In fact, I may even attempt it on OLPC News using Amazon's Mechanical Turk service as an economical way to save the occasional valid site comment that falls into the always-full comment spam junk folder so we can focus more on content creation and less on comment management.

Related Entries


Hi Wayan. I quite agree that humans could be hired, sat behind OLPCs, to filter comment spam. I believe however that the problem is to do with numbers...if a human is able to craft a comment spam which is clever enough to get past the targetted spam filter then a spammer can take this specially-crafted message (or variants of it) and blast it out to hundreds (or tens) of related forums and blogs.

A human filter will only see the 1 message from the 1 site at a time - so the human is limited by the number of messages they can see, and also by the fact that they need to read most/all of the messages that need filtering. You could batch these messages (assuming the blogs/forums all subscribe to the same anti-spam+human-powered service), but if you can batch them then presumably regular statistical techniques could be used for the spam classification.

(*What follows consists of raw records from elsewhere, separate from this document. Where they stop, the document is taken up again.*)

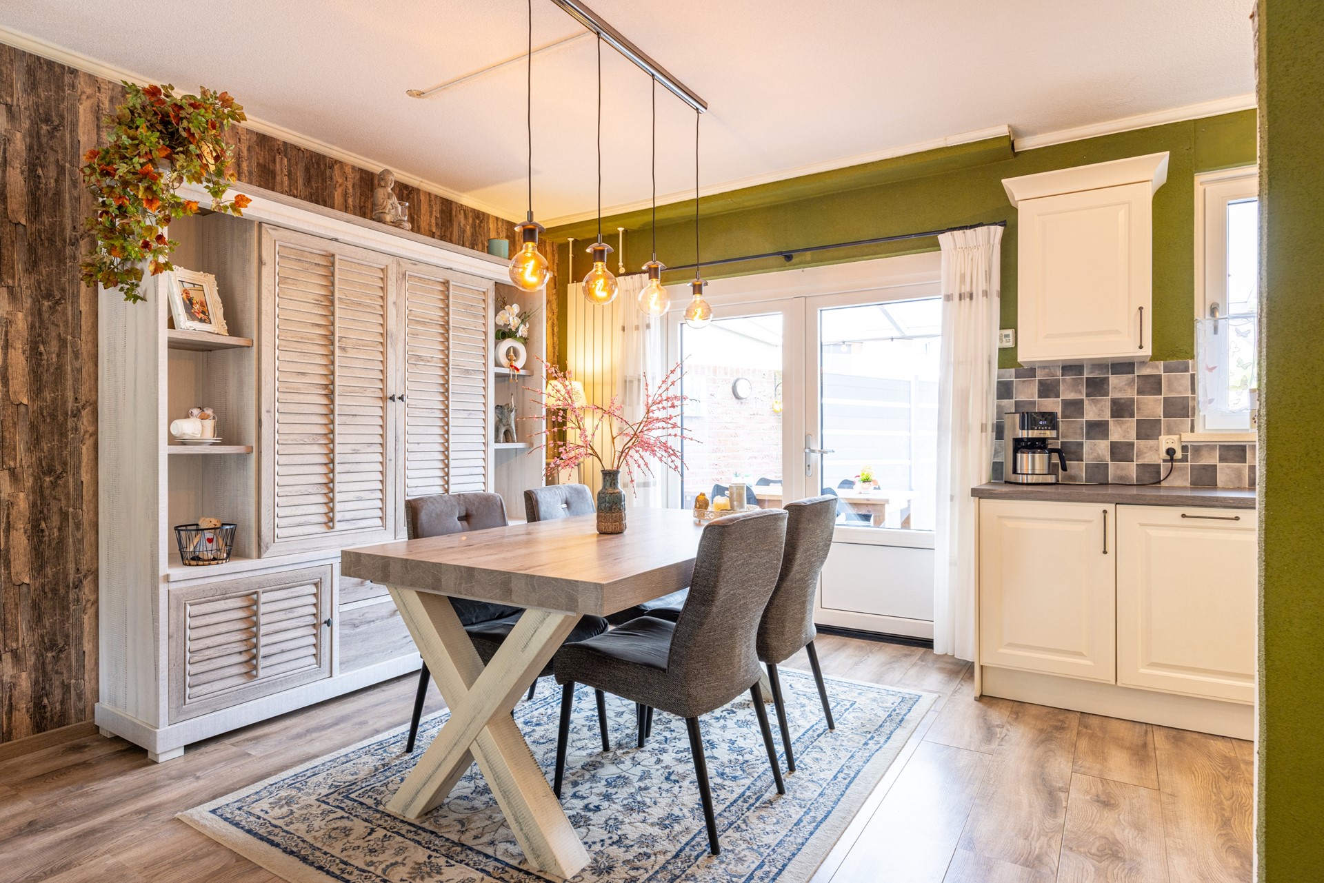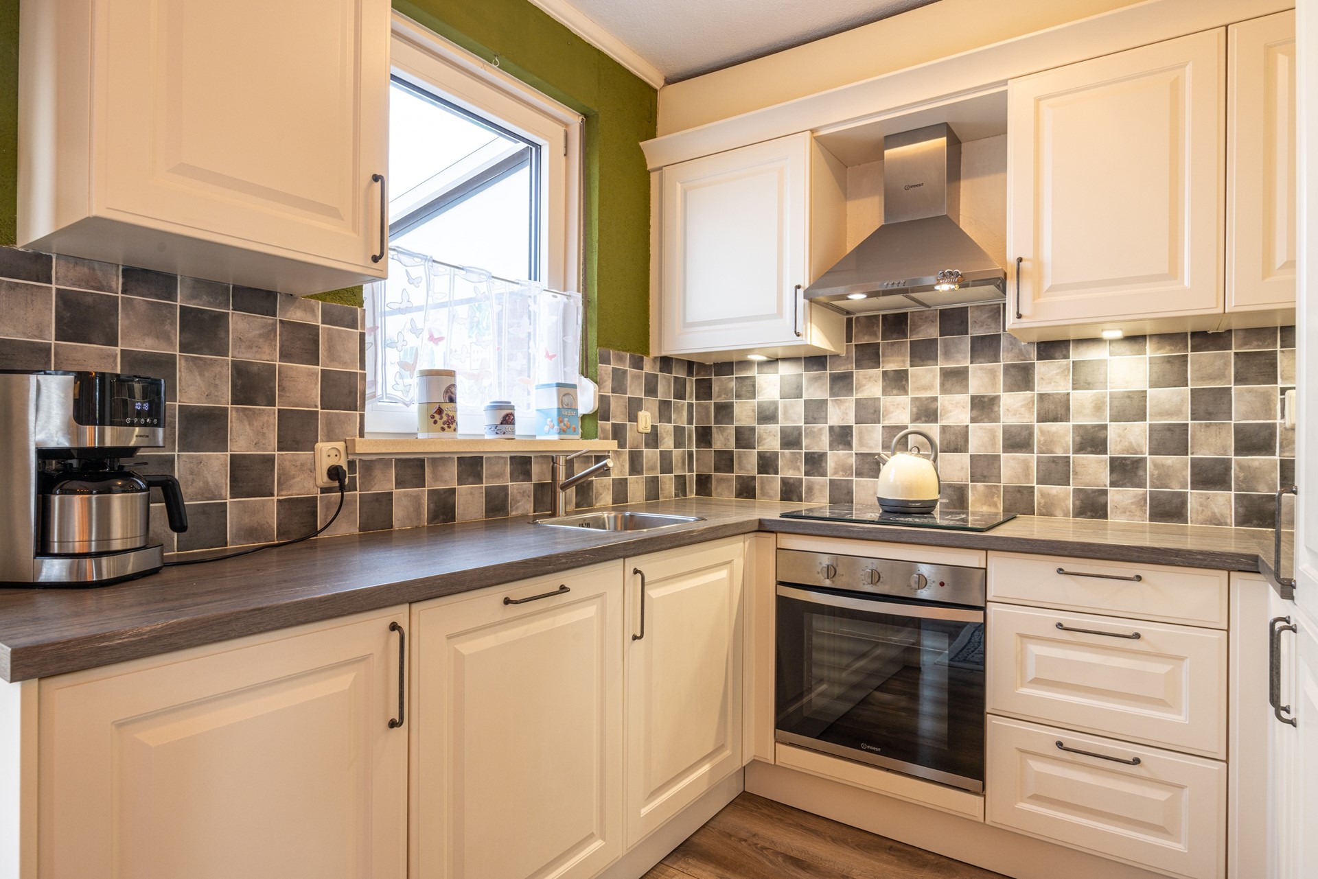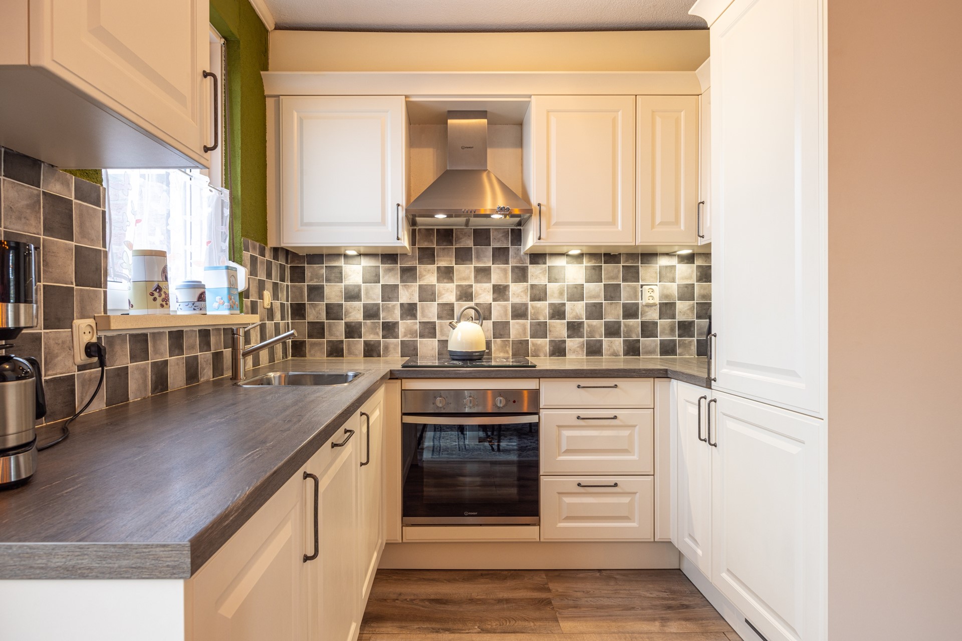 De open keuken in U-opstelling sluit mooi aan op de woonkamer en is eveneens voorzien van een laminaatvloer. De keuken is praktisch ingedeeld met voldoende werk- en kastruimte en uitgerust met alle benodigde inbouwapparatuur, waaronder een inductiekookplaat, heteluchtoven, afzuigkap, koelkast, vriezer en vaatwasser. Vanuit de keuken heeft u een prettig uitzicht op de achtertuin.
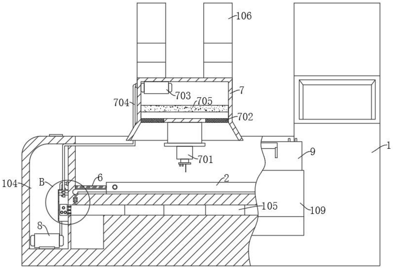 本实用新型公开了一种电火花切割机,属于机床技术领域。一种电火花切割机,包括基台及开设在基台顶部的加工腔,基台顶部设置有切割头,还包括:用于固定加工件的电磁板,加工腔底壁和电磁板的底壁均开设有半圆形槽体,两组半圆形槽体拼接形成圆柱形通孔,圆柱形通孔内转动连接有调节轴,调节轴上固定连接有涡轮片,两则调节轴的旋转方向相反;设置在储液腔内的循环供液部,用于调节加工腔内的液体水位;本实用新型通过加工腔内的工作液顺时针或逆时针运动,从而保证不在工作液内产生气泡的同时,有效地带走切割点产生的电蚀产物,一方面,持续运动的工作液可以防止其温度升高过快,另一方面,保证导电通道的有效电离,提升加工的稳定性。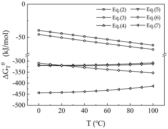 The standard Gibbs free energy changes (ΔGθ) for the reactions were calculated in Figure 3. The results indicate that the ΔGθ values for these reactions are negative at temperatures below 100 °C, indicating that these reactions are thermodynamically favorable. This suggests that hydrochloric acid (HCl) can effectively leach lithium-containing components, resulting in Li primarily existing in the leachate as chloride salt.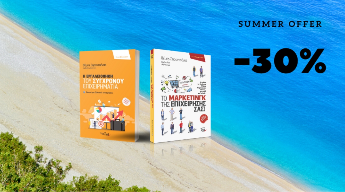 Το καλοκαίρι ήρθε, και τώρα είναι η καλύτερη περίοδος για χαλάρωση (πάντα με ασφάλεια) και επαναπροσδιορισμό των επιχειρηματικών σχεδίων σας. Για αυτήν την περίοδο μπορείτε να επωφεληθείτε με μια έκπτωση -30% στην αγορά δύο επιχειρηματικών βιβλίων του συμβούλου μάρκετινγκ Θέμη Σαρανταένα από τις εκδόσεις Rosili: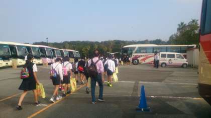スペイン村で半日活動をして、あっという間に、集合時刻となりました。2日間のすべての活動を予定通り終えて、これから、大阪に戻ります。カバンの中には、お土産やたくさんの思い出がいっぱいつまっていることでしょう。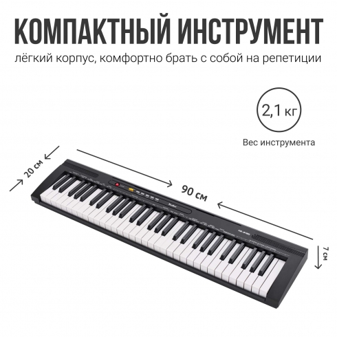 • Синтезатор Tesler KB-6120 — портативный инструмент весом всего 2,1 кг.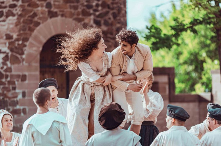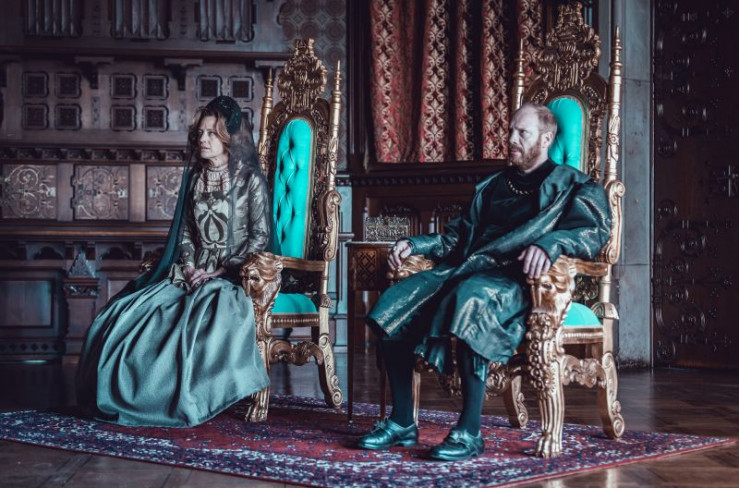 Als Polly bei der Trauerfeier zum Gedenken an den Prinzen ihre beiden Zofen (Julia Buchmann, Isabella Victoria Ginoccio) zum Lachen bringt, breitet sich dieses Lachen wie eine Lawine unter den Umstehenden aus. Der König kann dies nicht dulden - es kommt zum Streit und Polly geht.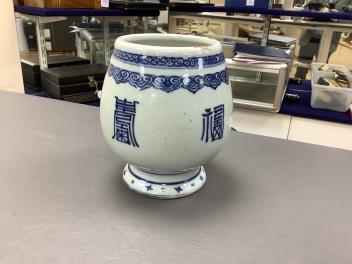 Long, curved crack, clearly visible, as shown; neckrim without damaging enamel unsightly chip, also shown in images.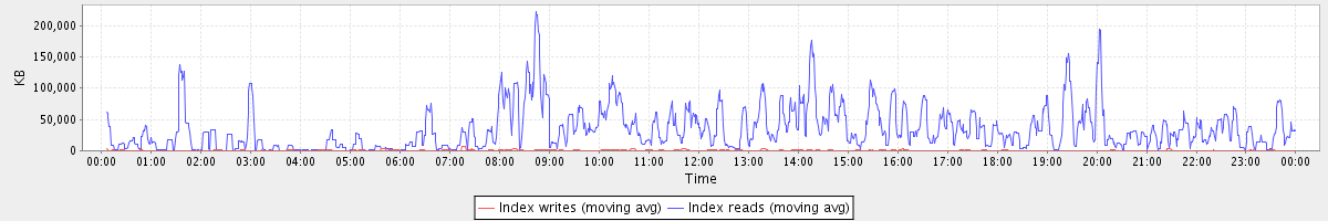 avg(Index writes) = 617.73 avg(Index reads) = 34645.59
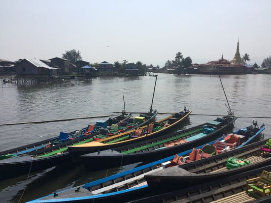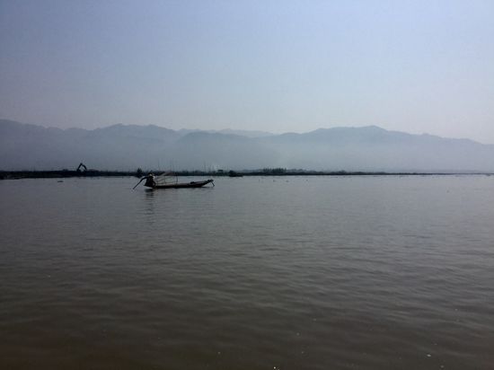 Im Anschluss an unsere anstrengende und aufregende Trekkingtour durch die Berge gönnten wir uns noch 2 Tage Ruhe und reisten dann wieder in den Süden Myanmars nach Njaung Shwe. Die Busfahrt über Nacht war diesmal leider nicht wirklich erträglich, da unser Fahrer die kalte Luft bevorzugte und die Klimaanlage deswegen mal wieder auf Hochtouren lief. Neben uns saß eine Frau, die während der kompletten Fahrt ihr neugeborenes Baby auf dem Arm hatte - 13 ganze Stunden. Wenn wir also nicht von der Kälte geweckt wurden, dann vom Weinen und Schreien. Nach der Ankunft verbrachten wir dann erstmal den halben Tag im Hotel und holten unseren Schlaf nach. Später schlenderten wir dann durch das kleine Örtchen, was nur 5 km vom bekannten Inle See entfernt ist. Unterwegs wurden wir dann im Minutentakt von den zahlreichen Bootsbesitzern angesprochen, die uns ihre Touren schmackhaft machen wollten. Unbeirrt liefen wir zunächst weiter auf der Suche nach einem guten Restaurant, bis eine zierliche Frau das Schlagwort "sunset" herausbrachte, was bei Vincent IMMER zieht. Ganz egal, wie der Ausflug beschrieben und angepriesen wird, fällt der Begriff "Sonnenuntergang", ist Vinni auf jeden Fall dabei Wir vereinbarten also ein paar Details und verabredeten uns für den nächsten Vormittag. Pünktlich 10:30 Uhr ging es dann tagsdarauf los. Die ersten Kilometer legten wir auf einem Kanal zurück. Hier war das Wasser noch sehr dreckig und braun gefärbt. Doch dann eröffnete sich vor uns der zweitgrößte See des Landes und das Wasser wurde zunehmend klarer. Das erste Highlight, was wir dann gleich entdecken konnten, waren die sogenannten Einbeinruderer. Mit einem äußerst ausgeprägtem Gleichgewichtssinn stehen sie an einem Ende ihres schmalen Bootes und paddeln sich über das Gewässer. Da sie jedoch beide Hände für den Fischfang frei haben müssen, halten sie das Ruder mit einem Bein fest. Haben sie dann einen günstigen Standort erreicht, schnappen sie sich ihren großen Korb und stellen ihn in das Wasser. Dabei geschieht alles mit einer wahnsinnigen Leichtigkeit ... wirklich bemerkenswert!

I don't think the numbers are on the side of the human filter at all!

I'm assuming here that we're talking about really clever spam messages, and that regular spams are being filtered by regular anti-spam techniques. So, I'll stand by my original argument that improvements need to be made to natural language and image processing toolkits to automate the defence against this form of attack :-)


you might be interested in this google talk where he uses human power to the good. I like when he says "captchas are creating jobs in 3rd wolrd countries!"


Solution to the "millions of kids in third world countries solving capcha challenges for pay" problem: If those kids are getting paid, then they have a source of income (oh the humanity!), so sell ad space in the capcha images, to make them want to buy iPods and WOW accounts and wallpaper paste and crap like that. If you've got millions of eyeballs, then of course you can make money off of them!

Sarcasm aside, my point is that the "problem" of paying millions of kids in third world countries to use their OLPCs to solve capcha challenges is the kind of wonderful "problem" you'd only have if you were brilliantly successful at something much more important (getting computers and money to needy kids) than the negative side-effects of the "problem" (blog spam). I'd love to live in a world that has such "problems" as millions of poor kids with computers and jobs.

Why not just pay some OLPC-enabled kids to delete your spam? Or put them to work on the other side of the problem: detecting legitimate human users?

It really seems out of proportion to complain that enabling kids with computers will increase your blog spam. Does the author of this article have some kind of anti-OLPC agenda, or is he in the employ of some organization with an anti-education agenda, like the Republican Party or Catholic Church?


How about we just turn the comment features off? Nice simple solution. Email spam is more tricky.

Come on, what's next ? Armies of OLPC-equipped kids making human DOS attacks and ssh bruteforce all over the world ?

If we turned off the comment feature, we couldn't have this very conversation on OLPC News. Open and public reader feedback and input is a key feature of Web 2.0

You might want to re-read the post. I do suggest that OLPC-equipped kids would be a great blog spam filter.

And I agree, may we all be so lucky have such "success problems" in our work. It just good to think about what those problems might be to mitigate their impact.

There is already too much spam in the world. More computers will just mean more spam. How many more Nigerian emails do you want?

Captchas are simply pointless now because there already are captcha solving shops in China. Having more of them in Africa will not change a damn thing.